The workshop, established by Francesca Di Lorenzo Ajello and her research group, is active on the main fields of philosophical research (History of Philosophy, Epistemology, Philosophy of Mind, Action Theory, Social Ontology), and has adopted in each one of these fields an antisolipsistic and holistic theoretical approach that dialogues with scientific achievements in general, and with cognitive science and neuroscience in particular.
Moving along the lines of Di Lorenzo’s studies on Adorno's critical theory of knowledge, style of thinking and society, we came to reconstruct the conceptual and inferential, and therefore social nature of perception and knowledge in the context of the liberalized naturalism of the School of Pittsburgh (Sellars, McDowell, Brandom).
We have rooted these theoretical achievements in John Searle's non reductive philosophy of mind and in his speech act theory, enlightening the intersubjective nature of intentionality and consciousness on one side and the deontic implications of the speech act theory on the other, connecting these researches with the new field of Social ontology, that we see, at least in part, as a development of Hegel's thought.

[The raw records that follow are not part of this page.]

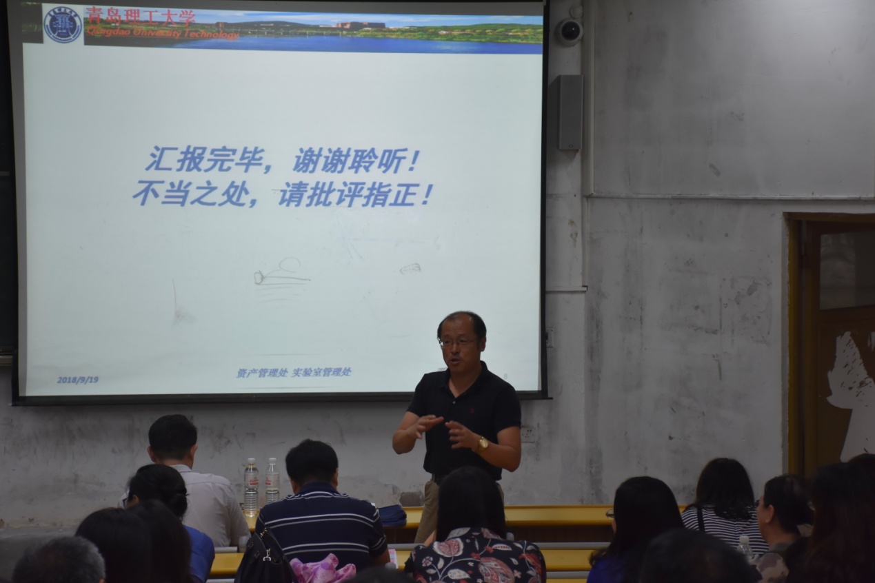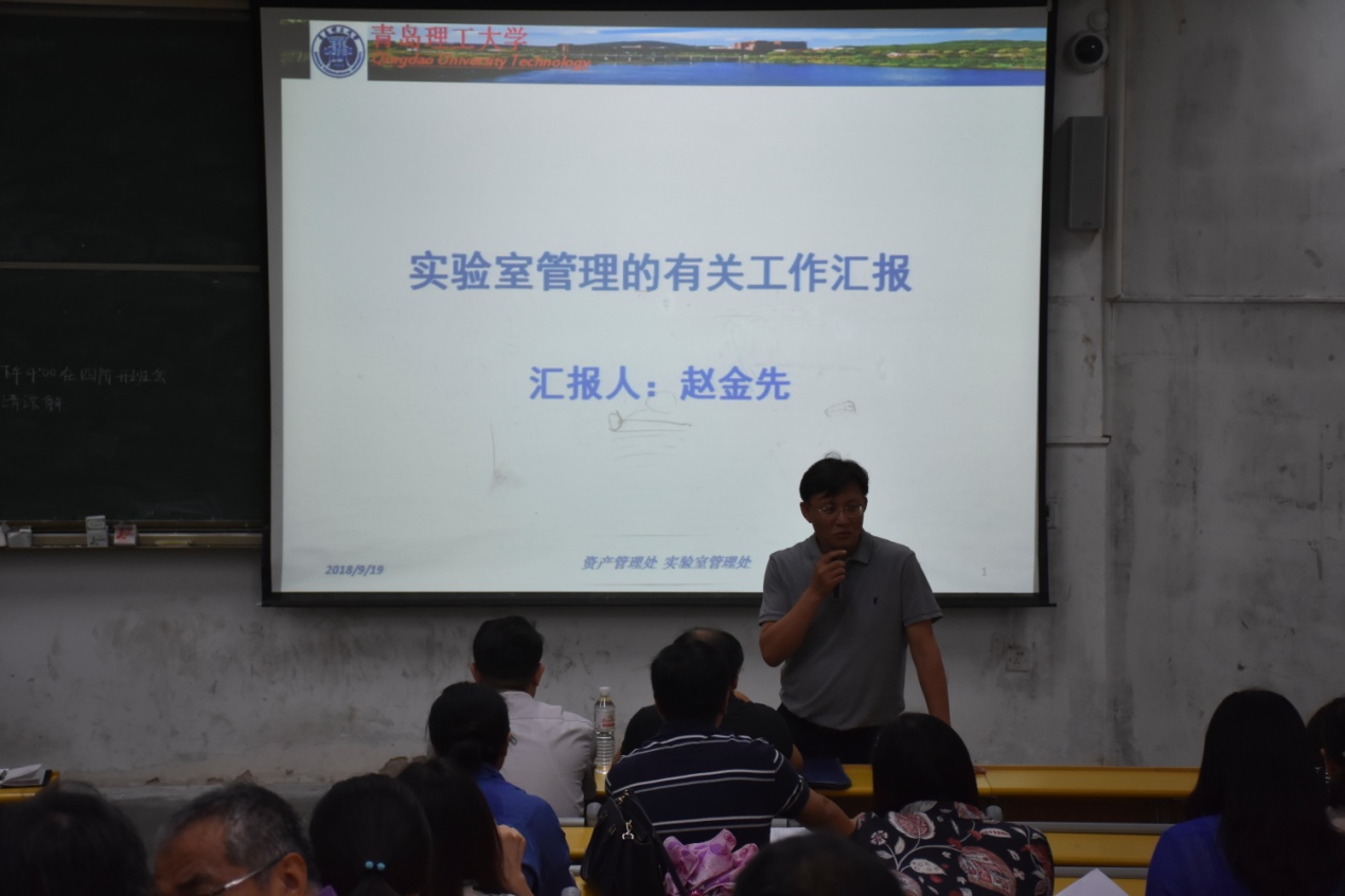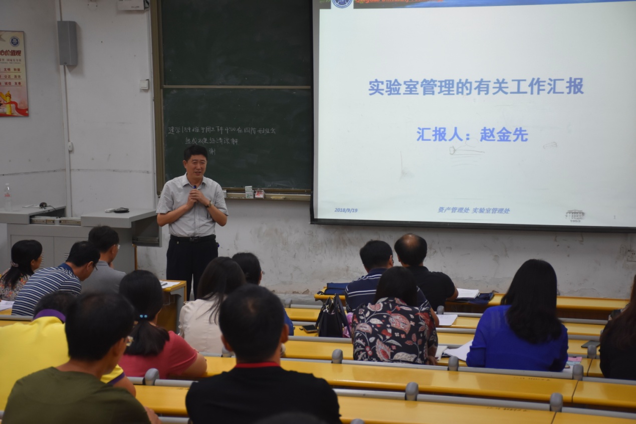 赵金先处长分别从实验室管理大事记、实验室管理处职责、实验室管理构想和实验室安全检查四个方面,讲解了我校实验室管理的相关工作。传达了省教育厅《关于开展2018年度高等学校科研实验室安全检查工作的通知》精神,逐条重点解读了《永利3044集团官网实验室安全检查项目表》中的检查项目。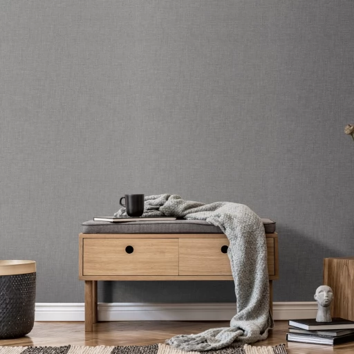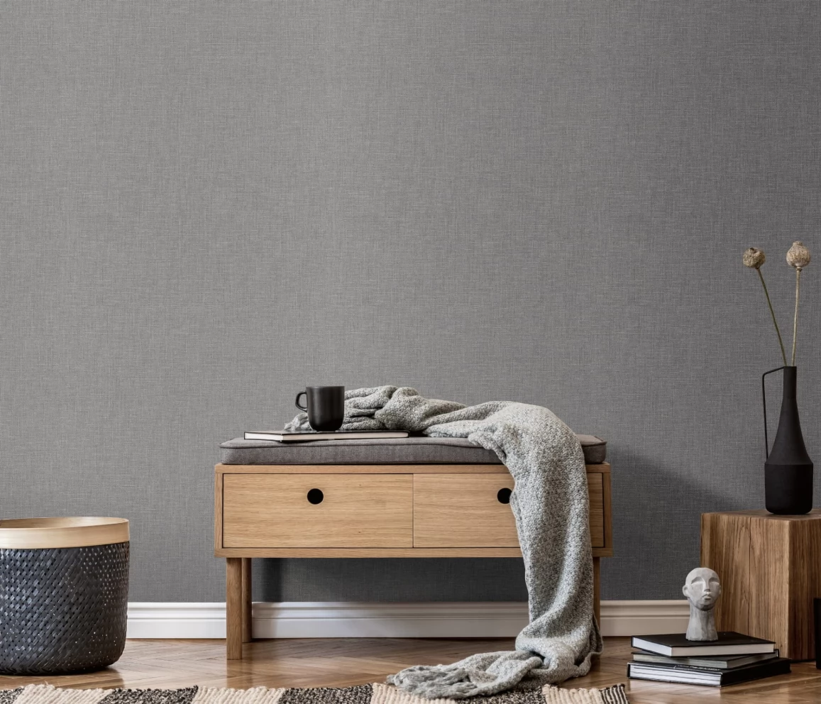 Wysokiej jakości winylowa, zmywalna tapeta na podłożu flizelinowym. Struktura, tkanina, płótno w kolorze szarego melanżu. Matowe wykończenie i wyczuwalna w dotyku struktura.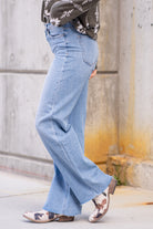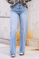 These jeans feature a high waist with a button fly and loose-fitted legs.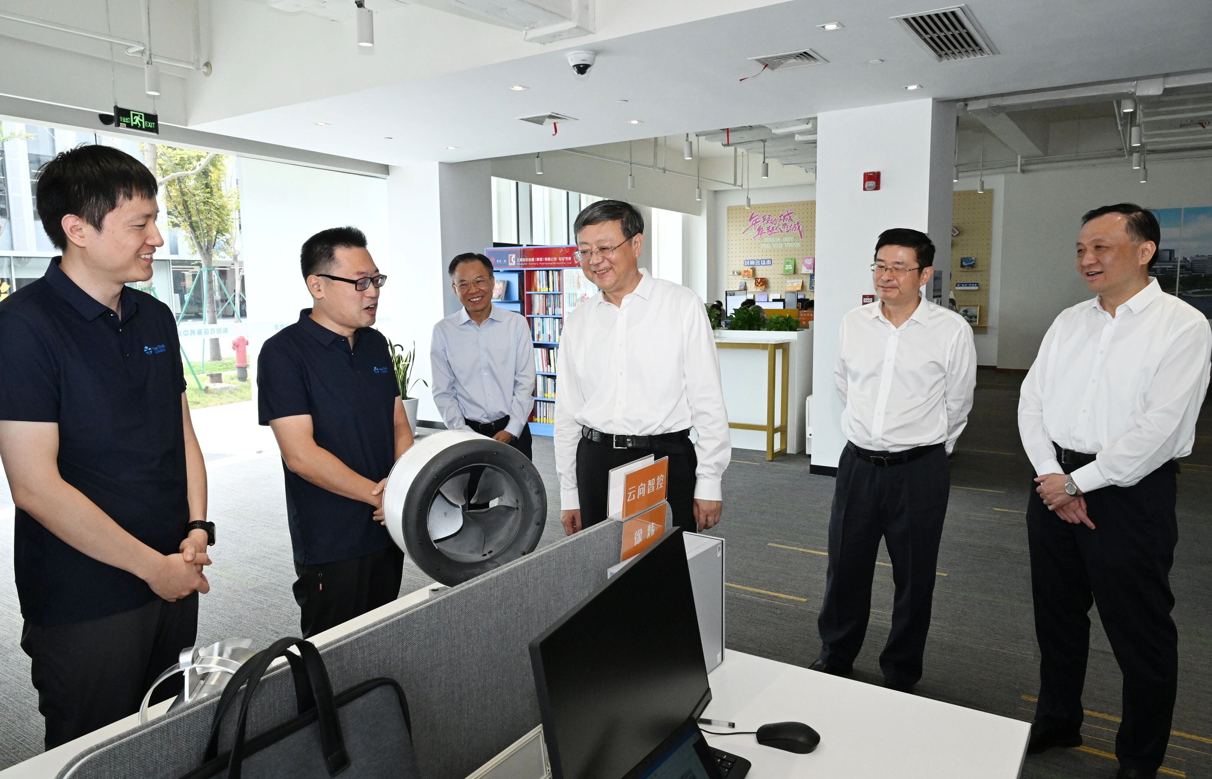 在滴水湖人工智能创新港,陈吉宁走进科创社区服务中心,了解服务初创企业的运行模式和创新做法,关切询问入驻的创新创业团队有哪些困难需要帮助解决、哪些政策服务需要持续加力。陈吉宁说,临港新片区要以更宽广的胸襟、更有力度的政策、更加便利的服务集聚创新创业英才。立足产业定位,发挥区位优势,契合年轻人的创业方向,提供全周期全方位支持,吸引更多创新创业者汇聚临港,扎根这座“年轻的城、年轻人的城”,心无旁骛干事创业,创造梦想、创造未来。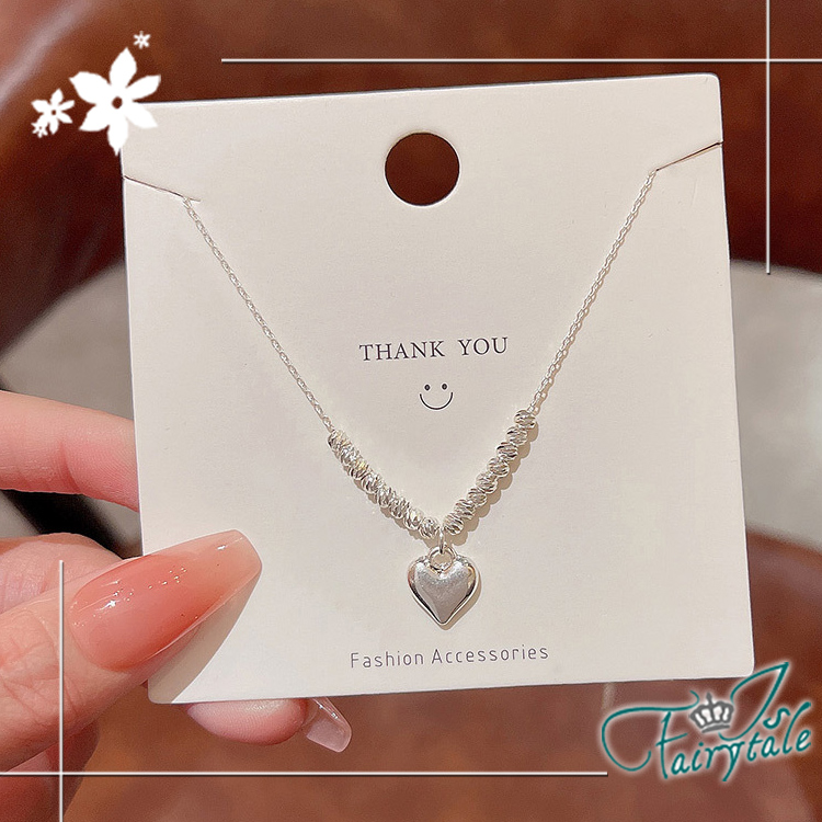 白銀色愛心搭配造型圓珠鎖骨鍊,簡約不失時尚的設計,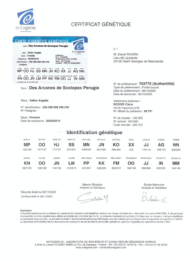 Chien Setter Anglais des Arcanes de Scolopax Perugia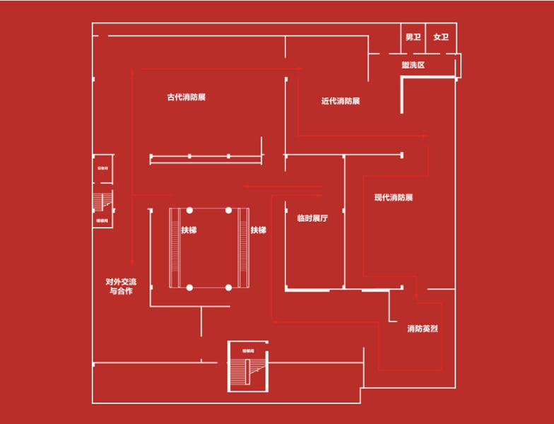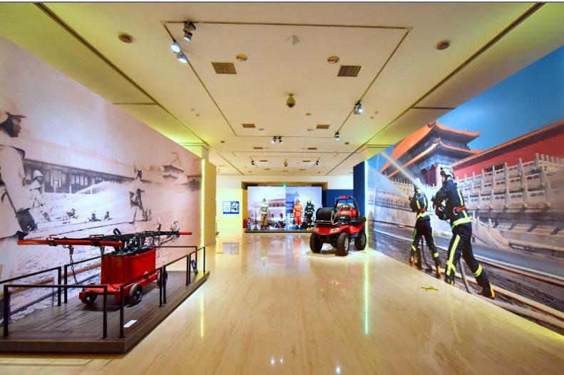 中国消防博物馆由序厅、防火防灾体验厅、“文化· 传承”展厅、“烈火·荣光”展厅、国家综合性消防救援队伍的组建展厅、国际交流与合作展厅及临时展厅等组成。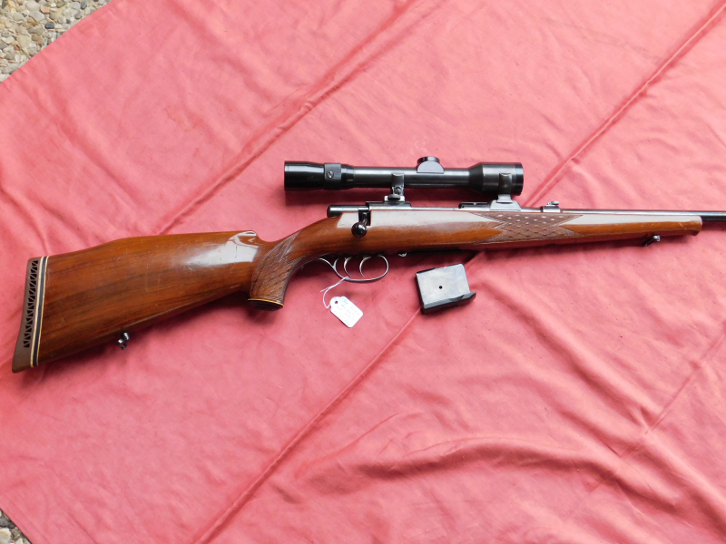 Anschütz Modell 1531 / 32 Kal. 222 Rem. mit ZF Hertel und Reuss 4x36 Abs 1 ( dieses ist kostenlos dabei ) auf Suhler Einhakmontage, Mehrlader mit Magazin, Lauf innen spiegelblank Profil scharf, Beschuss vorhanden. Sehr schöner Zustand.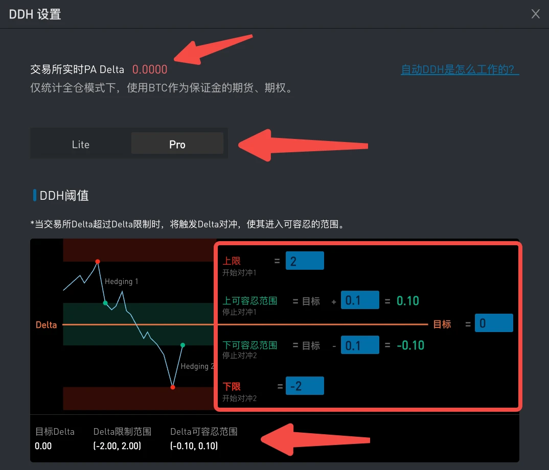 在设置界面中,顶部数字显示的是从交易所获取的您账户的实时 Delta,Delta 的刷新频率小于 5 秒。我们建议使用 Pro 模式,以便实现更多自定义设置。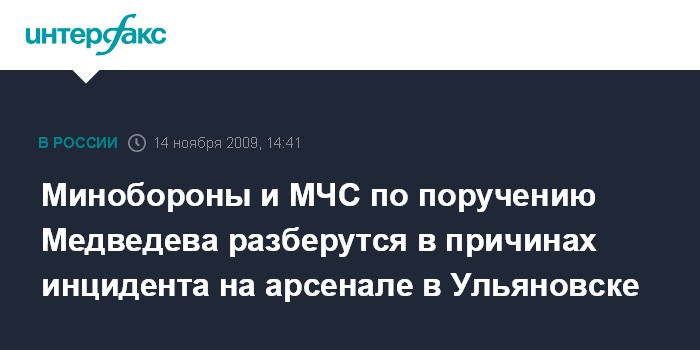 Москва. 14 ноября. INTERFAX.RU - Президент РФ Дмитрий Медведев поручил МВД и МЧС разобраться в причинах происшествия на склада боеприпасов в Ульяновске, а также в двухнедельный срок провести обследование подобных объектов на соответствие действующим правилам их функционирования.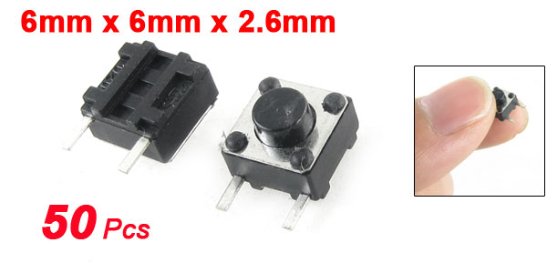 Product Name Tact Switch Contact Type Momentary Contact Quantity 50±2% Pcs Dimension 6 x 6 x 2.6mm / 0.24" x 0.24" x 0.1" (L*W*H) Button Dia. 3mm / 0.12" Pin Pitch 5mm / 0.2" Pin Length 3mm / 0.12" Material Plastic, Metal, Electric Parts Color Black, Silver Tone Net Weight 12g Package Content 50 x Tact Switches - Reviews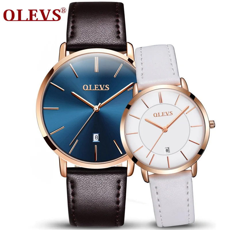 OLEVS Ultra Thin Lover Couple Quartz Wristwatches Blue Dial Auto Date Leather Strap Waterproof Men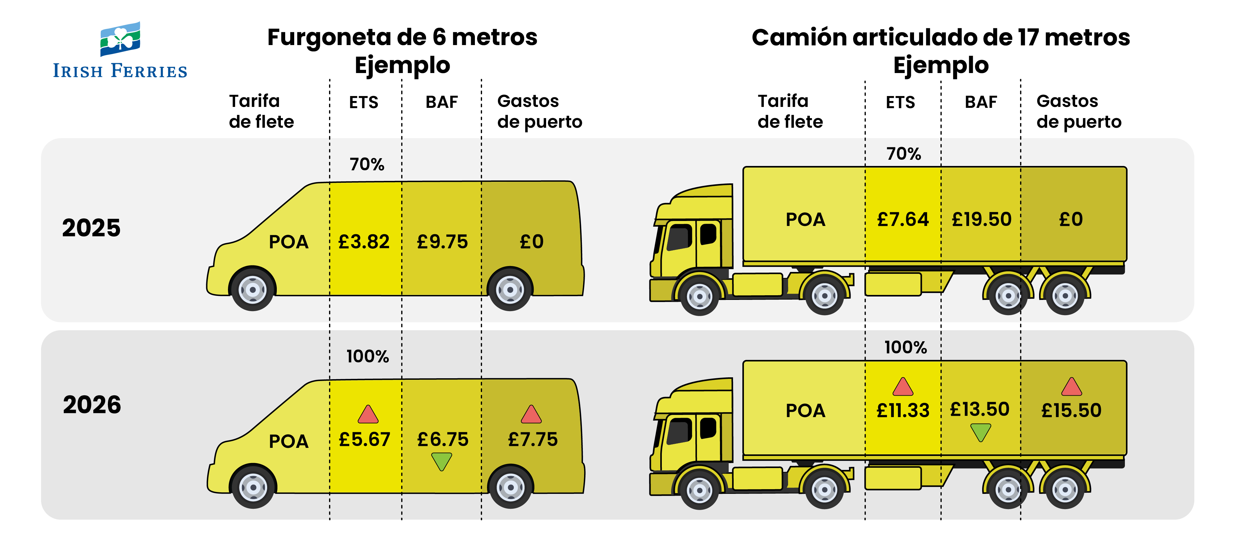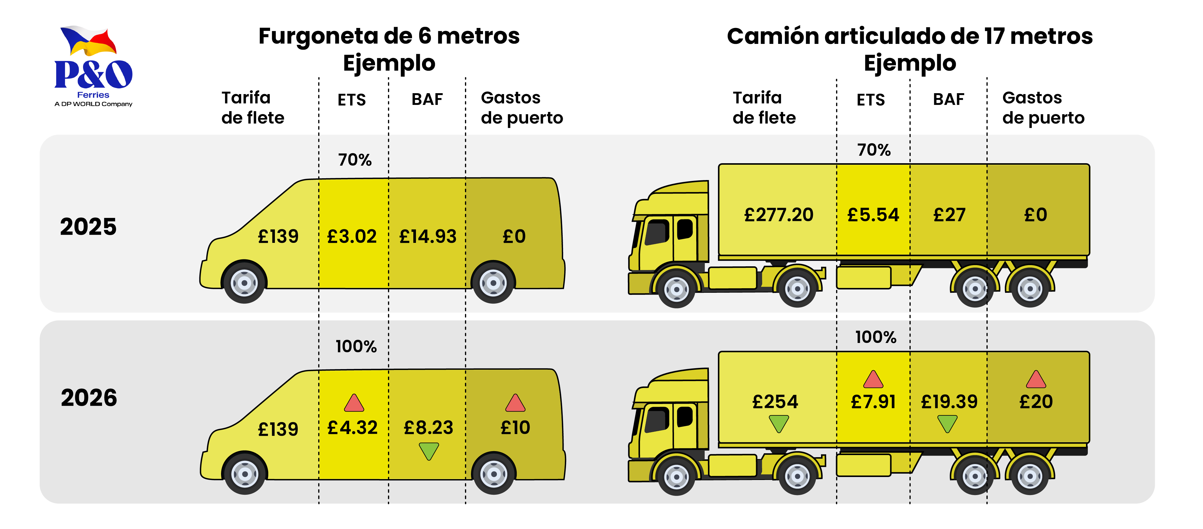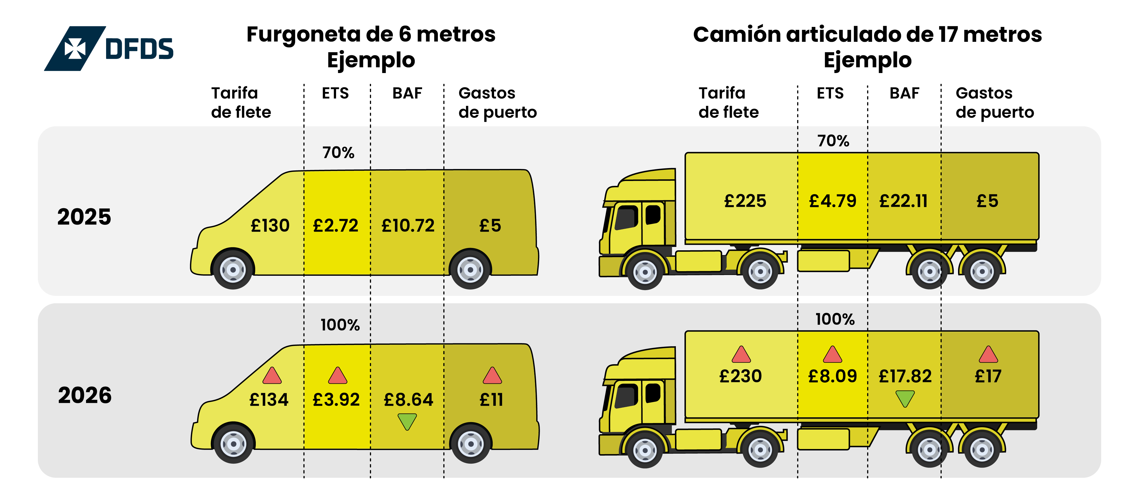 A partir del 1 de enero de 2026, DFDS, Irish Ferries y P&O Ferries introducirán una nueva tarifa portuaria en el estrecho de Dover. Esta tarifa se sumará a las tarifas ETS (100 %) y BAF, así como a los incrementos por inflación.

In our effort to overcome the traditional divide between continental and analytic perspectives and among the various dichotomies of Western thought, we have worked on a variety of authors and traditions (Plato, Aristotle, Locke, Spinoza, Nietzsche and Quine among the others) aiming at reconstructing the genealogy of our naturalistic and non reductive philosophical perspective while showing the subtle interplay between different philosophical positions and fields.
We think that social ontology is the contemporary area of philosophical studies that better than others realizes this interplay among disciplines, themes and theoretical approaches, and in this perspective the group is part of the ENSO (European Network on Social ontology).
The workshop is aimed at giving its specific contribution to this wide area of philosophical studies through organization of international conferences; participation to European projects, and organization of biweekly seminars and discussions of research papers.